Other relaxations of the bush were open to him. Old Joe had a paddock, once a swamp, which he had drained; it was free of water, but abounded in tussocks and sword grass which “Captin” was detailed to grub out whenever no duty more pressing awaited him. And sword grass is a fearsome vegetable, clinging of root and so tough of stem that, if handled unwarily, it can cut a finger almost to the bone; wherefore the unfortunate “Captin” hated it with a mighty hatred, and preferred any other branch of his education. There were stones to pick up and pile in cairns; red stones, half buried in grass and tussocks, and weighing anything from a pound to half a hundredweight. He scarred his hands and broke his fingernails to pieces over them, but, on the whole, considered it not a bad employment, except when old Joe took it into his head to perch on the fence and spur him on to greater efforts by disparaging remarks about England. Whatever his work, there was never any certainty that old Joe would not appear, to sit down, light his short, black pipe, and make caustic remarks about his methods or his country—or both. Bob took it all with a grin. He was a cheerful soul.

They used to meet for dinner—dinner consisting of corned beef and potatoes until the corned beef ran out; then it became potatoes and bread and jam for some days, until Joe amazed them by saddling an ancient grey mare and riding into Cunjee, returning with more corned beef—and more jam. He boiled the beef in a kerosene tin, and Bob thought he had never tasted anything better. Appetites did not need pampering on Howard's Farm. Work in the evening went on until there was barely light enough to get home and find the cow; it was generally quite dark by the time milking was finished, and Bob would come in with his bucket to find Jim just in, and lighting the fire—“Major,” not being the milking hand, worked in the paddocks a little longer. Tea required little preparation, since the only menu that occurred to old Joe seemed to be bread and jam. Jim, being a masterful soul, occasionally took the matter into his own hands and, aided by Bob, made “flap-jacks” in the frying-pan; they might have been indigestible for delicately-constituted people, but at least they had the merit of being hot and comforting on a biting winter night. Old Joe growled under his breath at the “softness” of people who required “cocking up with fal-lals.” But he ate the flap-jacks.

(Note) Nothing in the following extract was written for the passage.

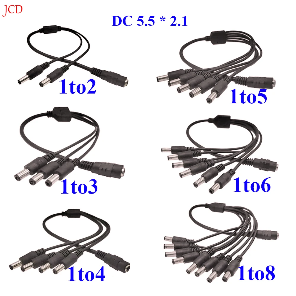 Cable divisor de alimentación CC de 5,5x2,1mm, 1 a 2/3/4/5/6/8 vías, Cable conector adaptador de corriente de 5V y 12V para luces de tira LED, cámara CCTV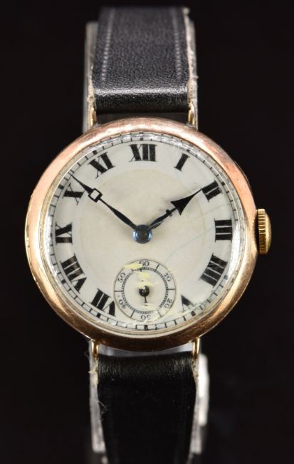 Rolex 9ct gold gentleman's wristwatch with subsidiary seconds dial, blued hands, black Roman numerals, white enamel dial and Ingersoll Elite 15 jewel movement, on black leather strap, case diameter 32mm, serial number 75129.

After tea the “hands” divided the duties of the evening; taking it in turn, one to wash up, while the other “set” bread. Joe's only baking implement was a camp-oven, which resembles a large saucepan on three legs; it could hold just enough for a day's supply, so that it was necessary to set bread every night, and bake every morning. This wounded their employer, who never failed to tell them, with some bitterness, that when alone he had to bake only twice a week. However, he knew all that there was to know about camp-oven baking, and taught them the art thoroughly, as well as that of making yeast from potatoes. “That's an extry,” he remarked thoughtfully, “but I won't charge yer for it, yous 'avin' bin soldiers!”